New Haven, Connecticut doesn’t have a lot of Republican voters. Current figures show only 2,458 Republicans, out of an overall total of 64,302 who are registered to vote.
Despite that, state law requires the city to spend $25,000 on next month’s GOP presidential primary. That would be over $10 per voter, even if they were all to show up — which isn’t likely.
According to the New Haven Independent, during the 2008 Republican primary, only 898 Republicans voted. One district drew just a single Republican, while several other drew no more than five. In 2008, however, there was also a Democratic primary, so the poll workers had plenty to do. This year, that is not the case.

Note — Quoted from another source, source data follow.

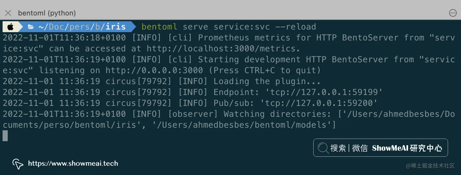 bentoml serve service:svc --reload
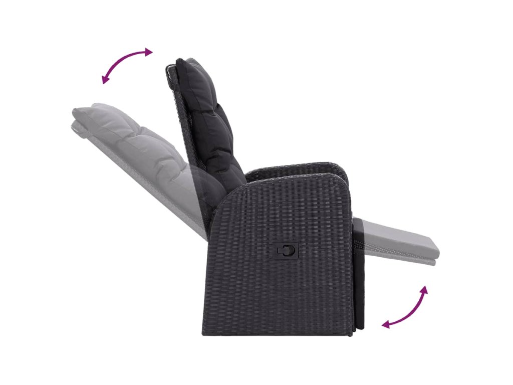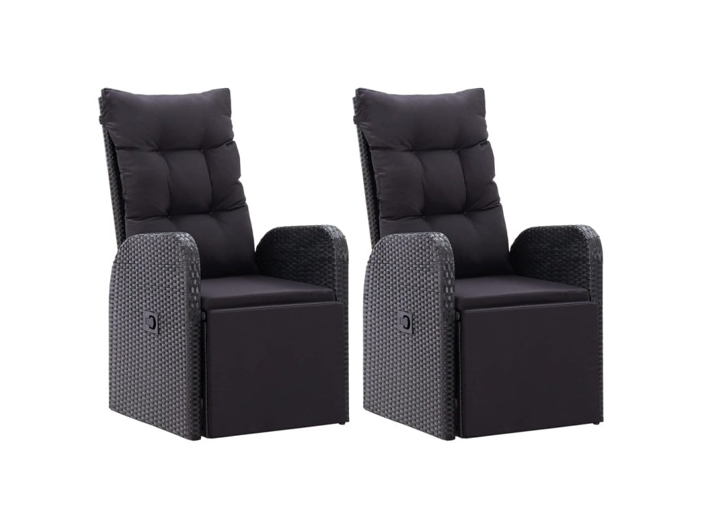 Polohovací zahradní židle s poduškami 2 ks černé polyratan 319544
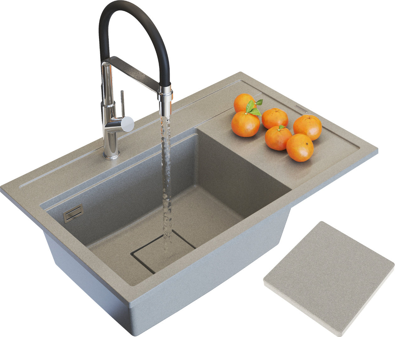 • Die Granitspüle Rendo in Beige ist ein modernes Set, das Design und Funktionalität für stilvolle Küchen vereint
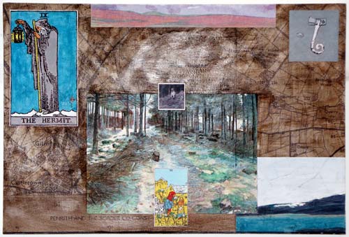 The Hermit oil, ink, vinyl, collage and giclée on board UF 19⅝" x 29⅛" (50cm x 74cm) |
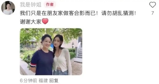有网友发现“我是钟姐”在该贴下方回复网友评论:“我们只是在朋友家做客合影而已!请勿胡乱猜测!谢谢大家。”
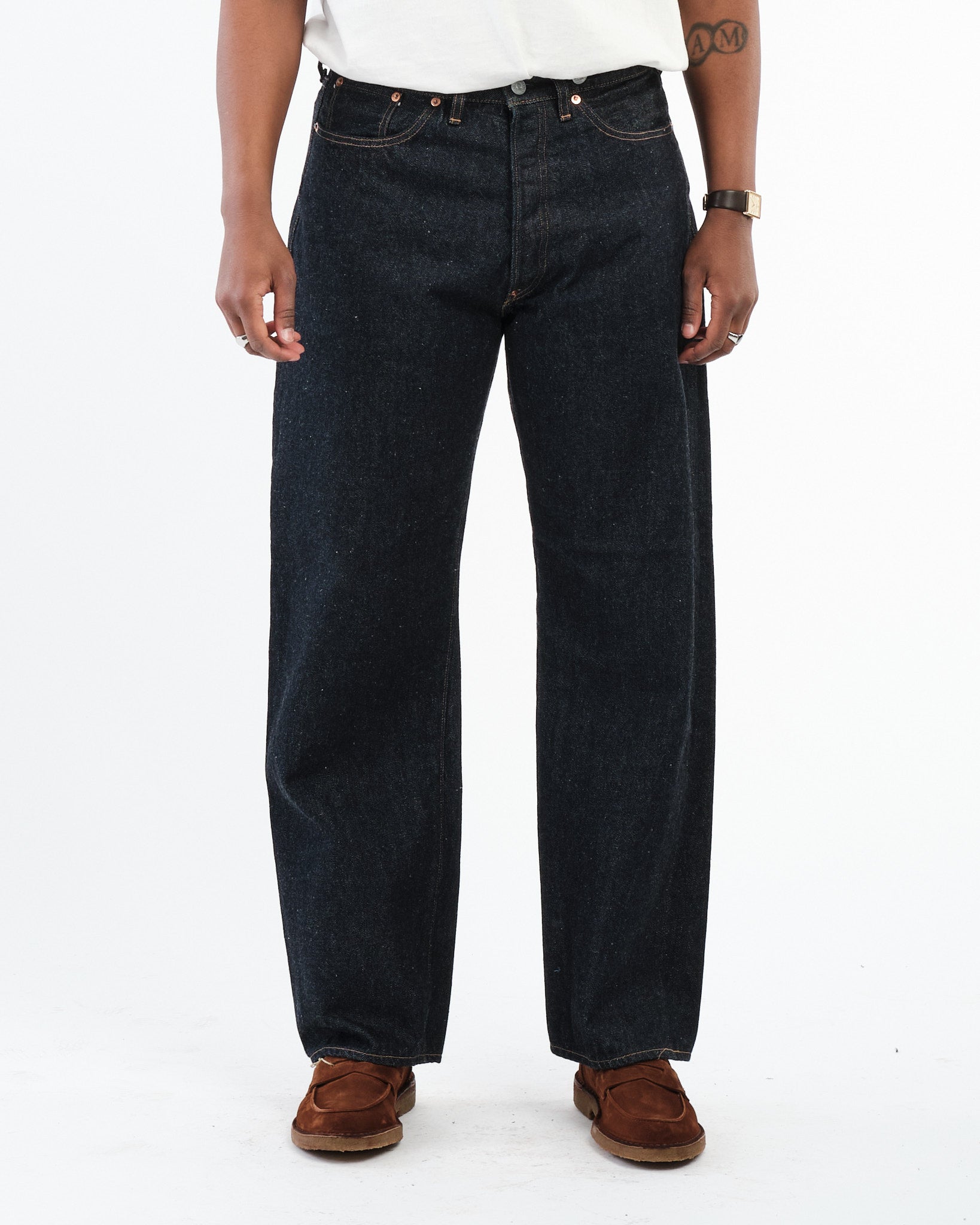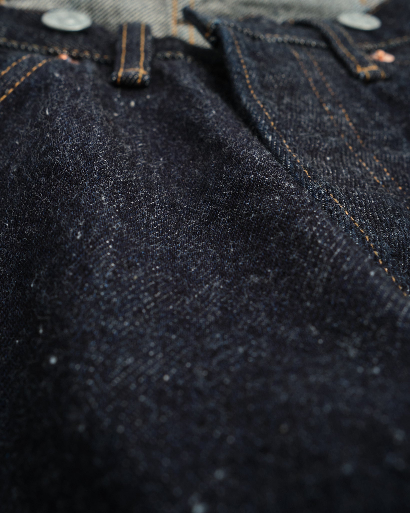 Denim on kudottu matalalla jännitteellä vanhalla kudontakoneella, hitaassa ja harkitussa prosessissa, joka antaa kankaalle ainutlaatuisen, epätasaisen tekstuurin, joka vangitsee 1940-luvun denimhuipun olemuksen. Käyttäessäsi ja pestessäsi näitä housuja, väri ja luonne syvenevät, tuloksena on todella henkilökohtainen ilme, joka kehittyy ajan myötä.
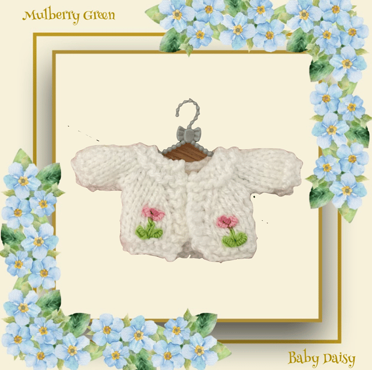 A pretty white cardigan, embroidered with pretty little flowers to fit baby Daisy. The cardigan is hand knitted and comes on a cute little hanger.
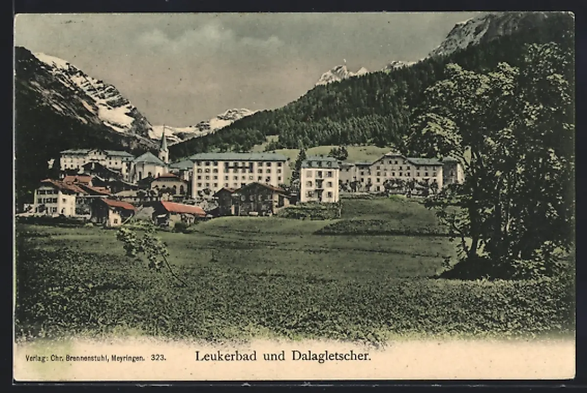 AK Leukerbad, Ortsansicht mit Dalagletscher
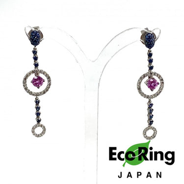 18K白金粉紅色藍寶石鑽石耳環 4.93g
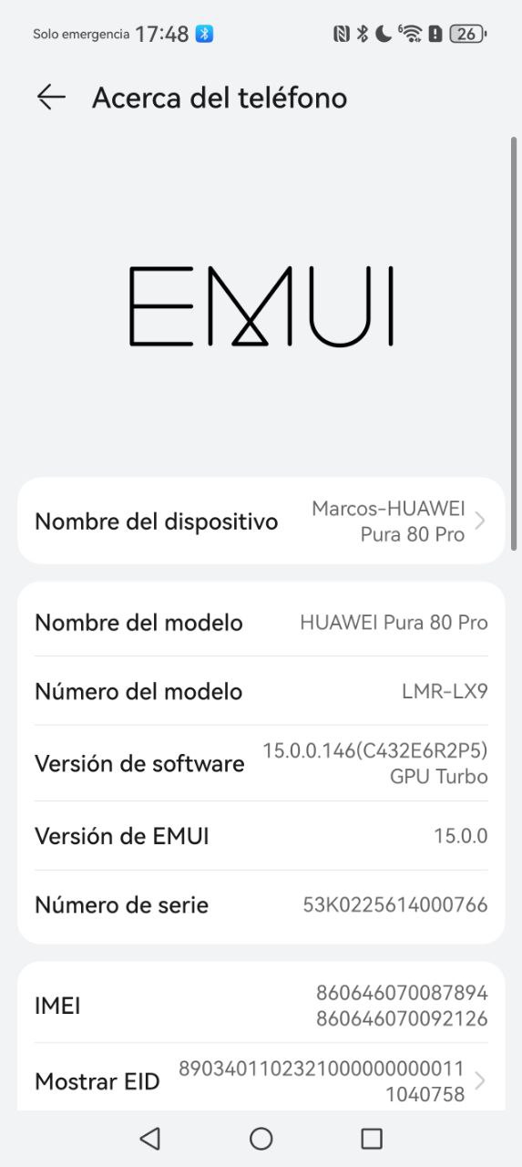 El Huawei Pura 80 Pro funciona con EMUI 15, basado en Android, pero sin acceso nativo a los servicios de Google. En su lugar, Huawei ofrece AppGallery y Petal Search como alternativas.
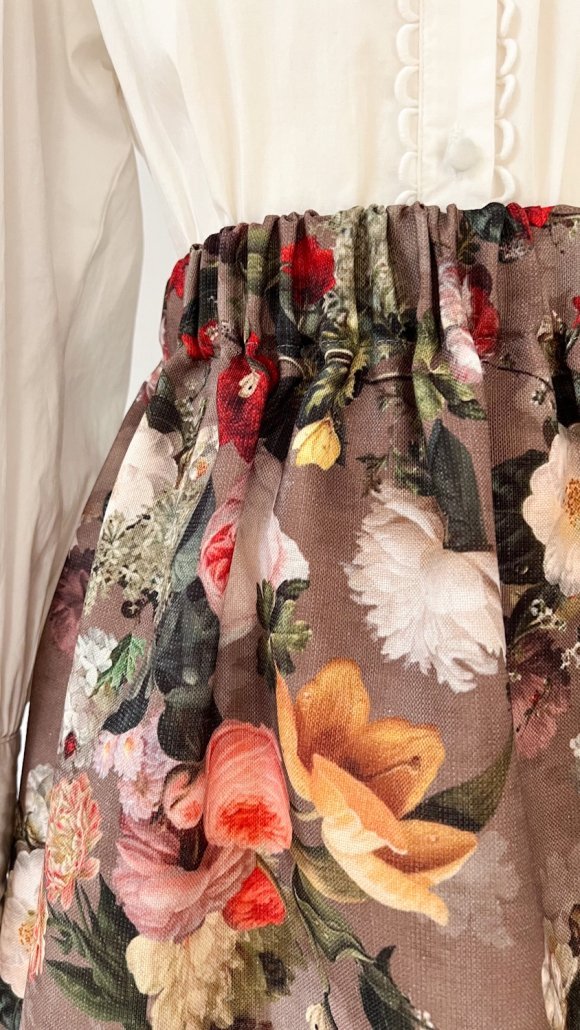 Gonna arricciata in poliestere reciclato in fantasia floreale.
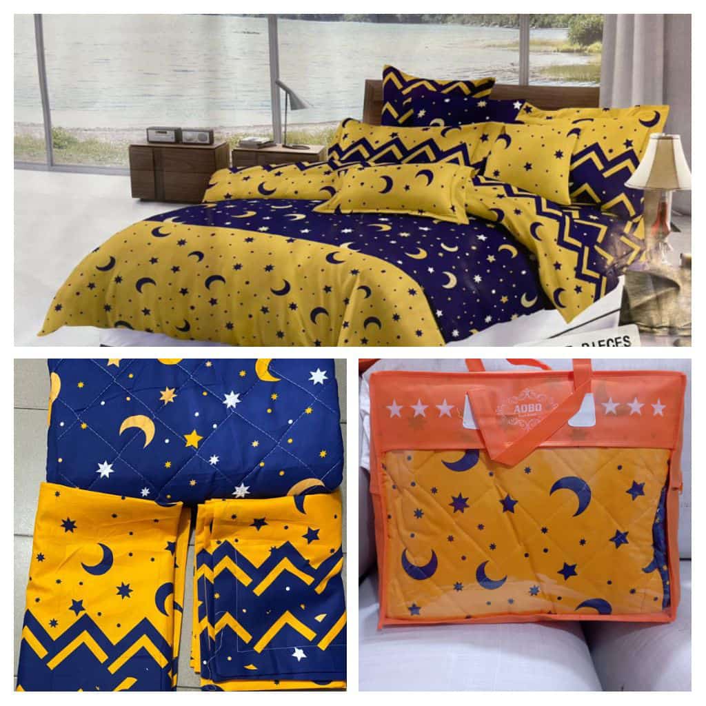 Ensemble couverture lourde + 2 draps de lits motif lune étoile jaune/bleu
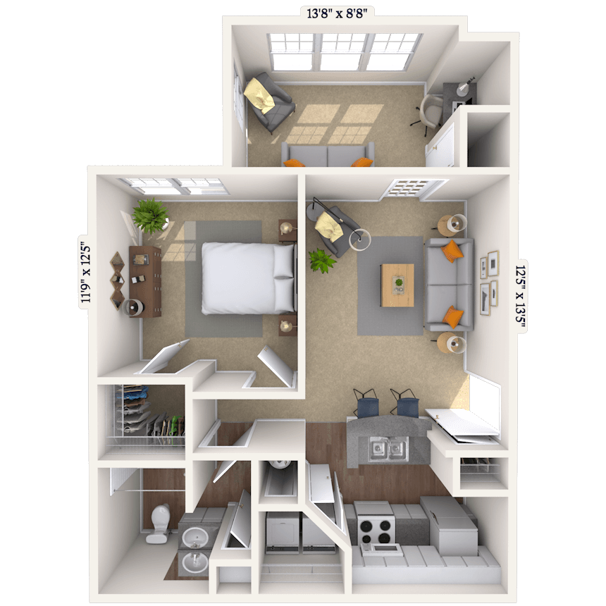 1 Bed, 1 Bath, 650-800 sq ftPlus FeesAvailable Mar 23Model Gallery
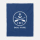 Boat Name Nautical Anchor & Crossed Oars Navy Fleece Blanket
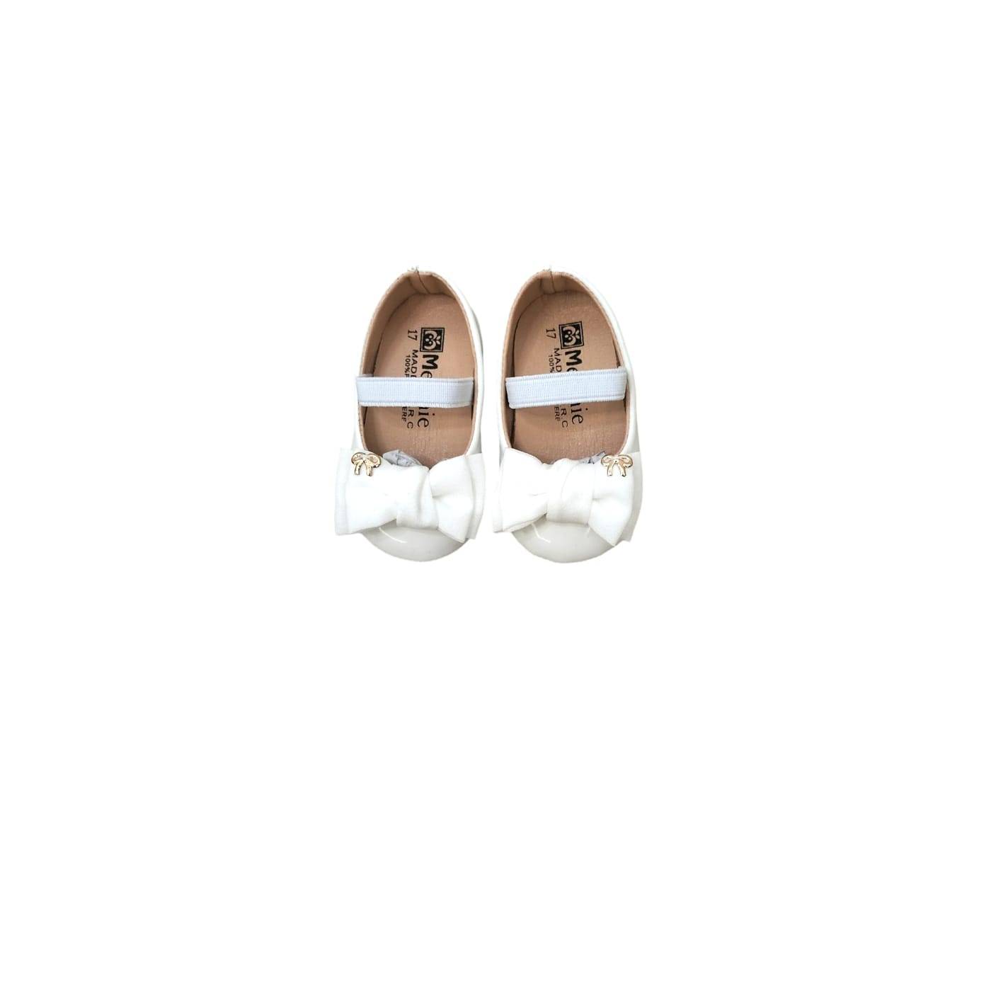 Eleganter, weicher Wiegen-Ballettschuh aus weißem Lackleder mit Seiden-Organzaschleife. Geeignet für besondere Anlässe.
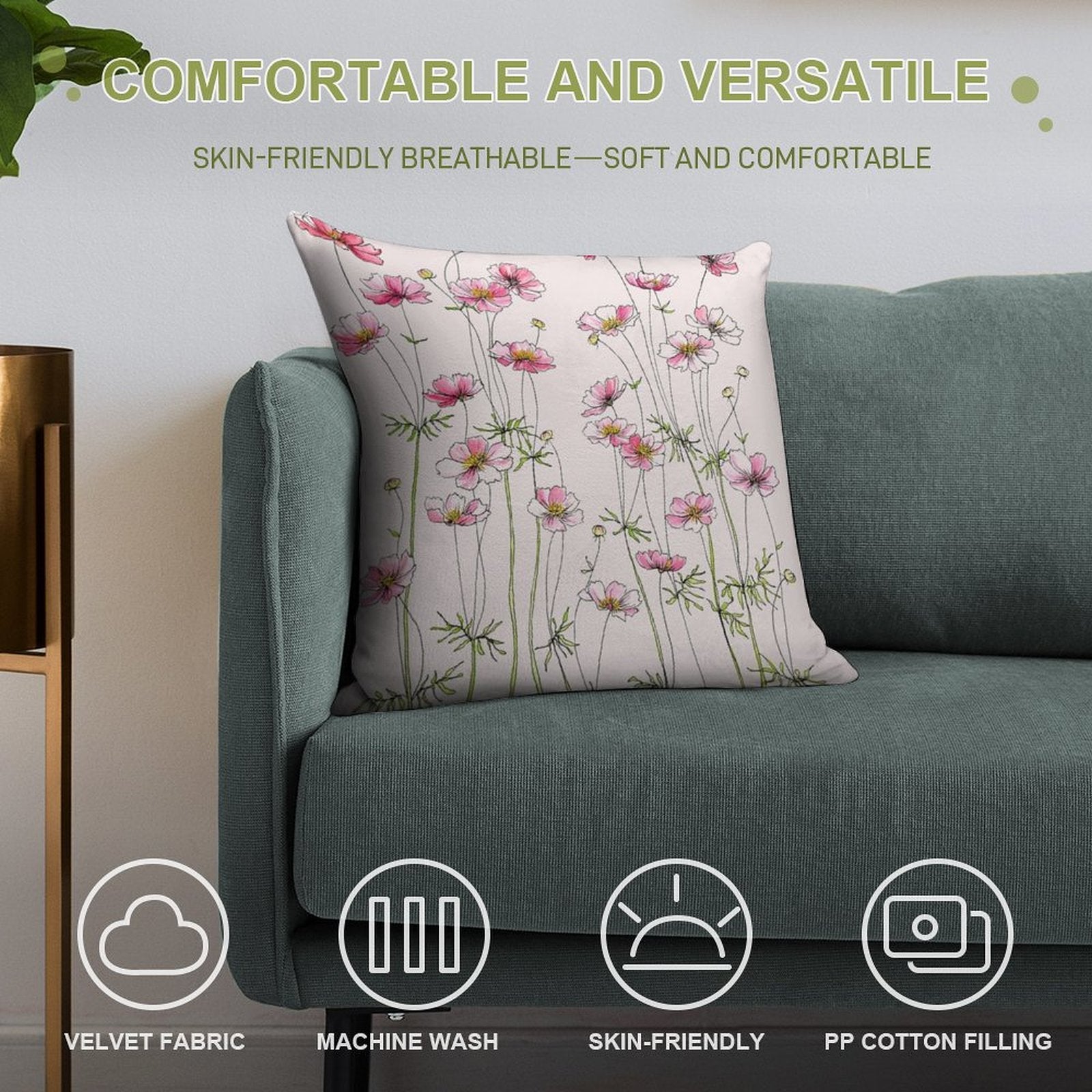 ✔️ Fits Any Style – Neutral tones and plush texture suit all Pink Cosmos Flowers decors.

State law mandates that New Haven must hire four people — a moderator, an official checker, a ballot handler, and a machine tabulator — to work from 5 am to 9 pm at each of 32 polling places. The city’s Republican registrar of voters thinks that’s ridiculous, and her Democratic counterpart agrees.
The two women say they will be asking the Secretary of the State’s office for a waiver to allow the April 24 vote to be consolidated to perhaps a dozen polling places.
However, Secretary of the State Denise Merrill and her elections staff attorney have already responded that it’s not possible without a change in the law, which currently requires the same polling places to be used for primaries as for general elections.
There are also fears that some voters could be disenfranchised if they do not have transportation to reach a poll that is further from their home.
The New Haven GOP chairman has already answered that with a suggestion that the city should simply pay for rides downtown for any voter who needs them. He figures that would be a lot cheaper than paying 128 people to sit around all day doing nothing.